晴れていながらも、どことなく雲で濁った冬空が、丸の内の気取った街並みを見下ろしていた。乾いているのか湿っているのか判然としない風が、薄くて鈍い日光を跳ね返す高層ビルに巻きつくように吹いており、うようよと往来する人々の身を縮こませていた。
東京駅丸の内北口を出て徒歩3分ほど。大手不動産会社の瀟洒なビル内にあるカフェに、岳と優一はいた。
今週の頭に安馬氏から連絡があり、この場所を指定された。今回の父親との面会は、彼が双方の連絡役となり、実現したものだった。

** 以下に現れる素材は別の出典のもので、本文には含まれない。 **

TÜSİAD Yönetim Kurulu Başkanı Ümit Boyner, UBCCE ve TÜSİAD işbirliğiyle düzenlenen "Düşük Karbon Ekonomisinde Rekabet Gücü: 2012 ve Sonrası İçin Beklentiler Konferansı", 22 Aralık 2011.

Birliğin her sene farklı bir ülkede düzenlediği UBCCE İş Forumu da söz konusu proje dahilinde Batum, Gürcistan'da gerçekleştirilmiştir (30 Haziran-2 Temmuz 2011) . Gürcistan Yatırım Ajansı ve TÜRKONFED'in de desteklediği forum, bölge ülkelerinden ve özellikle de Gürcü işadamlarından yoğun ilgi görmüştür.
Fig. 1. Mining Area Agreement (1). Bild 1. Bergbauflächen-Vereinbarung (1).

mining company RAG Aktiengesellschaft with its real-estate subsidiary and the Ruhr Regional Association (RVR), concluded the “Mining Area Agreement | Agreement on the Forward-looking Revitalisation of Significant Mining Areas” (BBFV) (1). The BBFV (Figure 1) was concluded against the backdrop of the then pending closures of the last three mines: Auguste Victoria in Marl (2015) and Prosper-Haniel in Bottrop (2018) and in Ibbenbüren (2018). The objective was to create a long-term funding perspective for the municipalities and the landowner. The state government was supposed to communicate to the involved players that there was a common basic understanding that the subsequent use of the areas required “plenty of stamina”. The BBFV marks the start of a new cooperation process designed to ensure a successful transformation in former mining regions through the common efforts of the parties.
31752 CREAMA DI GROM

ウッド調の店内は広いが、休日で客は多かった。客層としては岳と同世代の男女や、こじんまりとした同窓会を開く老年女性たち、喫煙席で煙草を吹かすオヤジや化粧の濃い中年女性など、幅広かった。ジャズのスタンダードナンバーがBGMとして流れる中、なかなかに賑やかな空間だった。

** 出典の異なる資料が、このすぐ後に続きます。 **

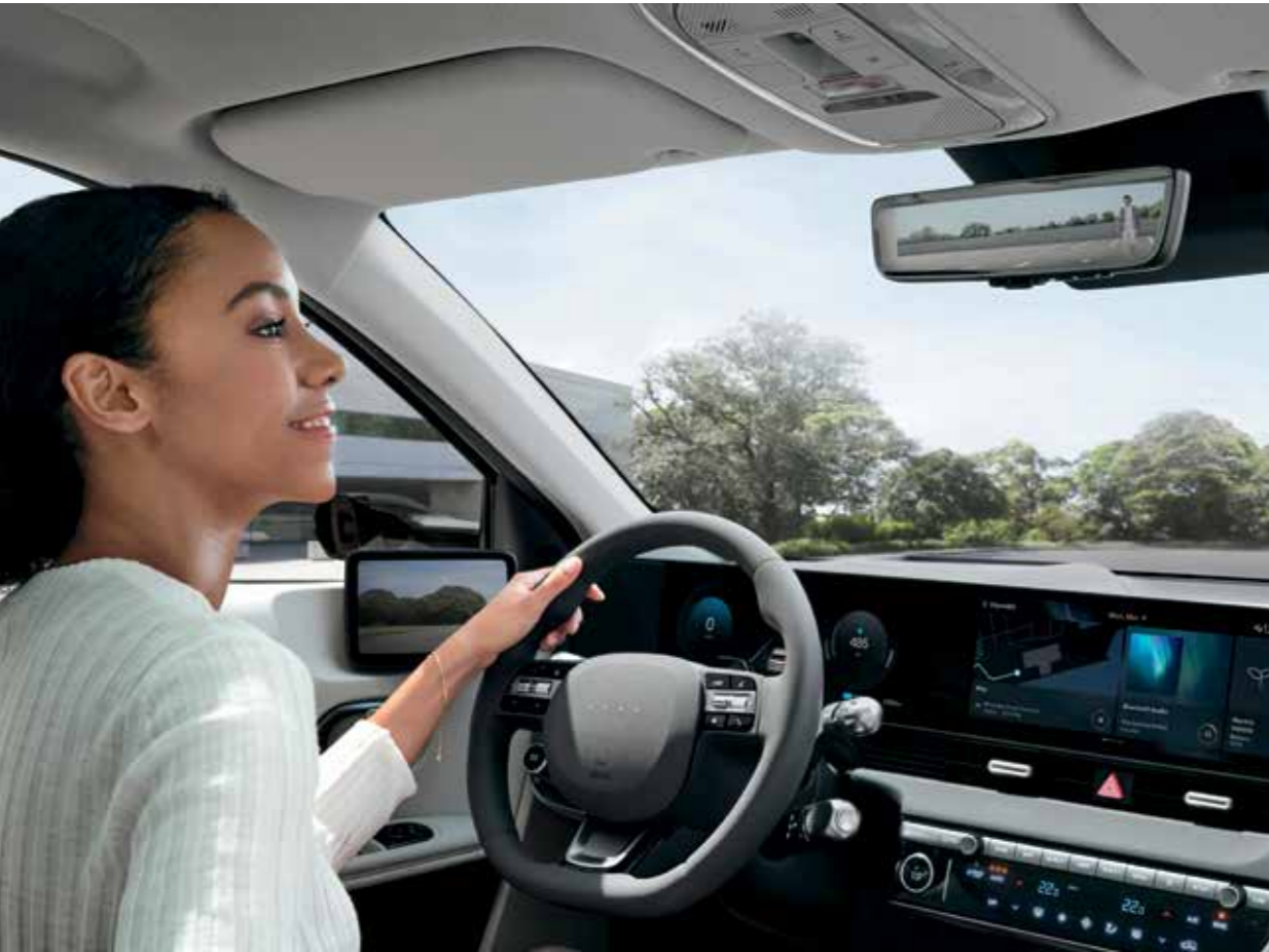
Rétroviseur numérique (Full Display)

Conçu pour concentrer votre attention sur votre voyage, avec une grande sélection de caractéristiques innovantes.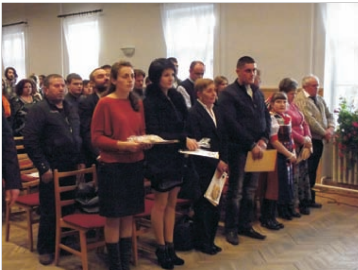
„Hazám, hazám, te mindenem...” - állampolgársági eskütétel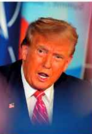
DECLARACIONES. Donald Trump, presidente de EE. UU.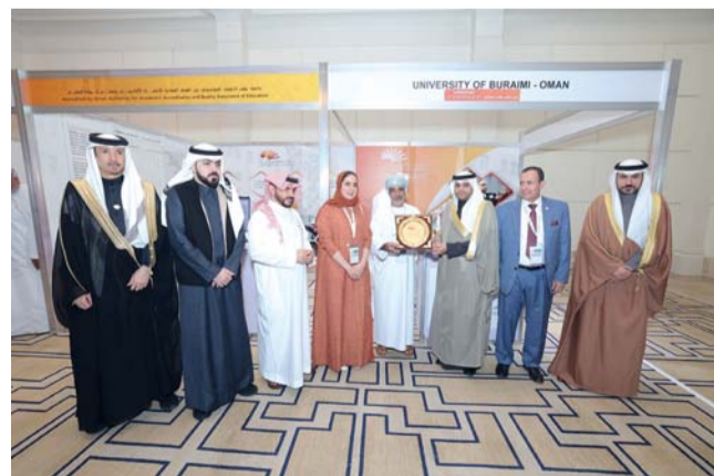
الجامعة تؤكد الالتزام برؤيتها الاستراتيجية الهادفة

التي شاركت جامعة البريمي مؤخراً في معرض الجامعات الدولي إكسبو الرياض ٢٠٢٥، الذي انطلقت فعالياته في مدينة الرياض. ويُعد هذا المعرض من أبرز الفعاليات التعليمية في المنطقة حيث يجمع نخبة من المؤسسات الأكاديمية من مختلف دول العالم، ويوفر منصة متميزة لعرض أحدث البرامج والتخصصات التعليمية.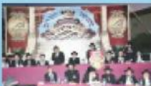
גדולי ישראל משתתפים במעמד הנחת אבן הפינה

חשוב לנו להדגיש, כי כל התורמים שביקשו להשתתף בחודשים מסוימים או בהיכלות שונים, רשמו את שמם ובקשתם באופן מיוחד, כדי שיונצחו לנצח נצחים בבנין קדוש זה, כשכל זכויות הלימוד התפילות המצוות והקדושה העצומה תלווה אותם, את ילדיהם ואת נכדיהם, עד סוף כל הדורות לישועתם ועולם, לזכות רשב"י הקדוש.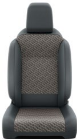
Tapicerka materiałowa Toyota unique w kolorze czarnym z elementami brązowymi Standard w wersji Family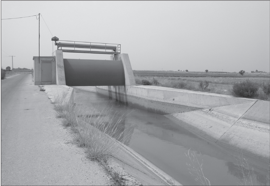
Acieca mayor. Canal del trasvase con pará mecánica.

これならば、ちょっとやそっとのことでは自分たちに注目は集まらないだろう。男3人がテーブルを囲っていても、妙に思われなさそうだった。そういったことを考慮して、安馬氏がこの店を選んだのは明白だった。
4人がけのテーブルに岳は優一と並んで座り、父親が来るのを待っていた。
席に案内されてから、優一はずっとそわそわしている。何度も何度もため息をついては、腕時計をちらちらと見ていた。約束の時間である13時まであと数分となり、さらにナーバスになっているのか。さっきから貧乏ゆすりが止まらなくなっていた。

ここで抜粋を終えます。